This takes around 190s.

Finally, we compute the products of the powers.

for i in range(0, 301):
    for j in range(0, 16):
        p = S[i]*T[j]

This takes around 1650s.

Computation of the q-series in Magma

Magma supports Puiseux series. As with Oscar, it requires one to specify the internal Laurent series precision, depending on the fractional power of q you are using. For example, to compute to $O(q^n)$ with Puiseux series in $q^{1/24}$ requires a Magma PuiseuxSeriesRing precision of at least $24n$.
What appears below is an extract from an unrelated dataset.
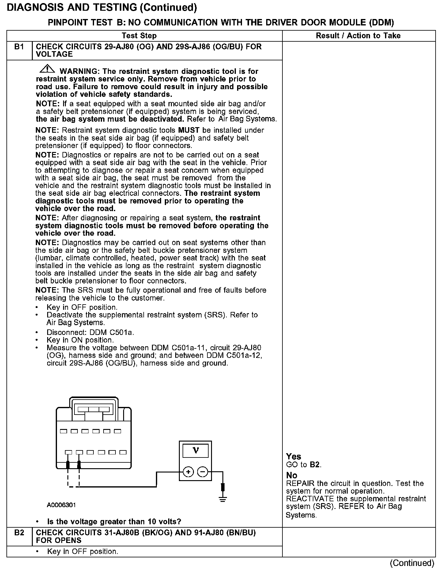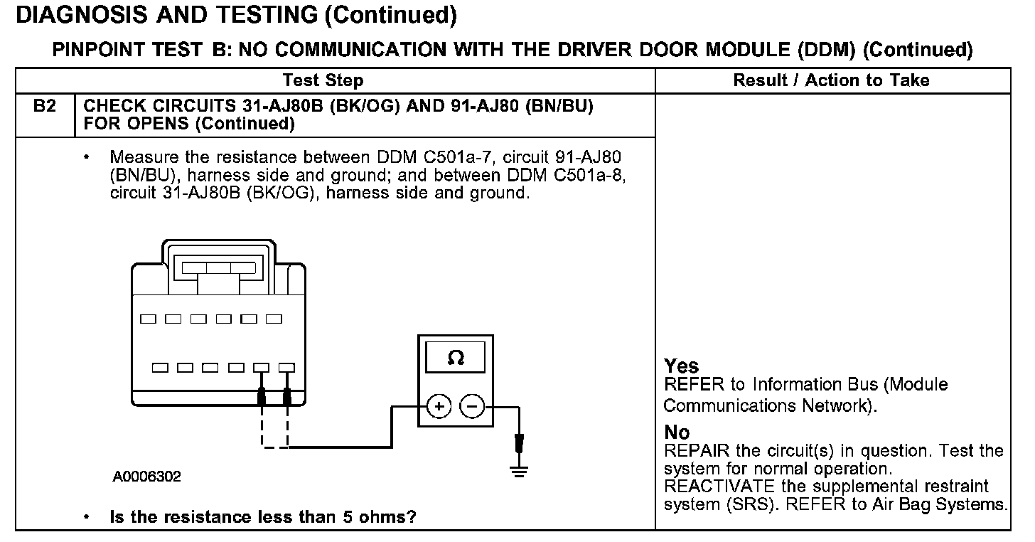PINPOINT TEST B: NO COMMUNICATION WITH THE DRIVER DOOR MODULE (DDM)Test B1-B2:

The DedekindEta function computes the Puiseux expansion of the Dedekind eta function in Magma. But it immediately complains that the rationals are not contained in the coefficient ring of the argument. So we must work with Puiseux series over the rationals.

After this, it’s easy to define the functions we require in Magma.

R<q> := PuiseuxSeriesRing(Rationals(), 9001*24);

function m(q)
   return DedekindEta(q^11)/DedekindEta(q);
end function;

function x(q)
   return m(q^44)/m(q);
end function;

function y(q)
   return m(q^11)/m(q^4);
end function;

function s(q)
   return x(q)/y(q);
end function;

function t(q)
   return x(q)^12;
end function;

As in Oscar, this takes negligible time, as nothing is actually computed.

At the next step we try to compute arrays of powers of $s(q)$ and $t(q)$. In order to ensure Magma is not at a disadvantage we truncate $s(q)$ and $t(q)$ to the same precision as it is computed in Oscar, though this makes little difference.

sq := s(q) + O(q^9016);
tq := t(q) + O(q^9216);

S := [sq^0];

for i := 1 to 300 do
   S := Append(S, S[i]*sq);

end for;

T := [tq^0];
for i := 1 to 15 do
   T := Append(T, T[i]*tq);
end for;

This takes approximately 104s.

One has to be very careful to precompute $s(q)$ and $t(q)$. Otherwise this takes 10s each time each of these are computed. Without being careful about this, Magma could take over an hour to compute all the powers. In comparison, the total Oscar time does not change radically if we don’t precompute these q-series.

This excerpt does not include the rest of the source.